Hey, community! I was comparing matrix multiplication performance using loops in C and Julia and I would like to know if someone could help me with one doubt about Matrix Acess behavior. I have read in the text “What Every Programmer Should Know About Memory” (pdf here, page 47 section 6) that it’s faster in C accessing matrix in one direction than another. Using the same example of the pdf, if we multiply two matrices “directly” it takes more time than transposing and multiplying:

Original (C code), takes 19.1 sec on my pc

	for (i = 0; i < N; ++i)
		for (j = 0; j < N; ++j)
			for (k = 0; k < N; ++k)
				res[i][j] += mul1[i][k] * mul2[k][j];

Transpose (C code), takes 4.8 sec on my pc

	double tmp[N][N];
	for (i = 0; i < N; ++i)
		for (j = 0; j < N; ++j)
			tmp[i][j] = mul2[j][i];

	for (i = 0; i < N; ++i)
		for (j = 0; j < N; ++j)
			for (k = 0; k < N; ++k)
				res[i][j] += mul1[i][k] * tmp[j][k];

In the other hand, when I compare with these two Julia functions, I have the opposite result:

Original, it takes 4.2 sec on my pc

function matrix_multip(N)
    res = zeros(N,N); mul1 = rand(N,N); mul2 = rand(N,N);
    
    finish = @elapsed begin
        for i in 1:N
            for j in 1:N
                for k in 1:N
                    res[i,j] += mul1[i,k] * mul2[k,j];
                end
            end
        end
    end
    return finish
end

Transpose, it takes 18.6 sec on my pc

function matrix_multip2(N)
    res = zeros(N,N); mul1 = rand(N,N); mul2 = rand(N,N);
    tmp = zeros(N,N);
    
    finish = @elapsed begin
        for i in 1:N
            for j in 1:N
                tmp[i,j] = mul2[j,i];
            end
        end
        for i in 1:N
            for j in 1:N
                for k in 1:N
                    res[i,j] += mul1[i,k] * tmp[j,k];
                end
            end
        end
    end
    
    return finish
end

Can anyone help me to understand this difference of behavior to access matrices?

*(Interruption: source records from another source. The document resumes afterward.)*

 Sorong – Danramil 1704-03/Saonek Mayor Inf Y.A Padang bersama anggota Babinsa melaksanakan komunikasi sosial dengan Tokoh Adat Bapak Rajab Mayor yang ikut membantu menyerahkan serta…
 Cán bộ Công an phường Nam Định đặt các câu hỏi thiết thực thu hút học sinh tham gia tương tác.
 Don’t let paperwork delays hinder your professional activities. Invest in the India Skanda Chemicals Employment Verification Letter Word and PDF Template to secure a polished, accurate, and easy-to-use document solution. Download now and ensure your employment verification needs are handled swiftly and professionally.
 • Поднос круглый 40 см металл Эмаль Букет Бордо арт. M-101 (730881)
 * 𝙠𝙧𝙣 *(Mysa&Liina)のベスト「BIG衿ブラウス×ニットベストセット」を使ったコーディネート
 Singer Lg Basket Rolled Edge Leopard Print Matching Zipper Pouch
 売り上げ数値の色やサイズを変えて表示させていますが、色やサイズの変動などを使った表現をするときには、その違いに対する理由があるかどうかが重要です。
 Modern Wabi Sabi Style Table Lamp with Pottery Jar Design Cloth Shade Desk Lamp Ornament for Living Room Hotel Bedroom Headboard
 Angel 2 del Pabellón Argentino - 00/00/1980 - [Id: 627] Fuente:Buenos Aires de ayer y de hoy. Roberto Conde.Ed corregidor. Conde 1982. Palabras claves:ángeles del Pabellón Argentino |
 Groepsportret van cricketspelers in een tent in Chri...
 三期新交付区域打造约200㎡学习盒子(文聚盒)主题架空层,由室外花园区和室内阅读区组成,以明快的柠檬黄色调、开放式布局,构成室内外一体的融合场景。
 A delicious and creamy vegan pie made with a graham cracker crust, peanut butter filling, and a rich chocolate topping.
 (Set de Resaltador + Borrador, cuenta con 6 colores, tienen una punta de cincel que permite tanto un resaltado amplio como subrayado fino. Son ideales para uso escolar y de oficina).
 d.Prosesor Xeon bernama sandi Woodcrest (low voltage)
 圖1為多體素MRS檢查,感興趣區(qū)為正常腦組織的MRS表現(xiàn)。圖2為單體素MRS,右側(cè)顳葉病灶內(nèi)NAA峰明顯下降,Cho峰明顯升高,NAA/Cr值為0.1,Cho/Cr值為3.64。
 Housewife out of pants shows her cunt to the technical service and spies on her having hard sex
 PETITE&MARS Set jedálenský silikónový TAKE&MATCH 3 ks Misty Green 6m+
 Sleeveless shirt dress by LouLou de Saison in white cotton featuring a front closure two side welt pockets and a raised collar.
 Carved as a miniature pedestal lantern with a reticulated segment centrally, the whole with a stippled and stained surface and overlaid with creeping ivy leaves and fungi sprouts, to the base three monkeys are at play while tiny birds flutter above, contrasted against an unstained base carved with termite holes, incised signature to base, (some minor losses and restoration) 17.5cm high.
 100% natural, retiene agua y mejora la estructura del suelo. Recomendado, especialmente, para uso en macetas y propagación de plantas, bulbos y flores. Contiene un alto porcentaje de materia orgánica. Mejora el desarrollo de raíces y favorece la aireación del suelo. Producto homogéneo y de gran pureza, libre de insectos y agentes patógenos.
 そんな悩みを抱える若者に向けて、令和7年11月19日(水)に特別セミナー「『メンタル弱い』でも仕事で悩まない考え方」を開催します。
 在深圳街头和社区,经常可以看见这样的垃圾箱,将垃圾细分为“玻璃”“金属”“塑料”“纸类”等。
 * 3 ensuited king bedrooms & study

In all the cases, I have used N = 1000. If anyone wants the full C code, I can reply with it

My version of Julia is

julia> versioninfo()
Julia Version 1.4.1
Commit 381693d3df* (2020-04-14 17:20 UTC)
Platform Info:
  OS: Linux (x86_64-pc-linux-gnu)
  CPU: Intel(R) Core(TM) i7-4510U CPU @ 2.00GHz
  WORD_SIZE: 64
  LIBM: libopenlibm
  LLVM: libLLVM-8.0.1 (ORCJIT, haswell)

Thanks all!

tkoolen · July 7, 2020, 10:33pm

Yup, C is row-major, Julia is column-major. Row- and column-major order - Wikipedia

saulo.giovani · July 7, 2020, 10:38pm

Thanks a lot!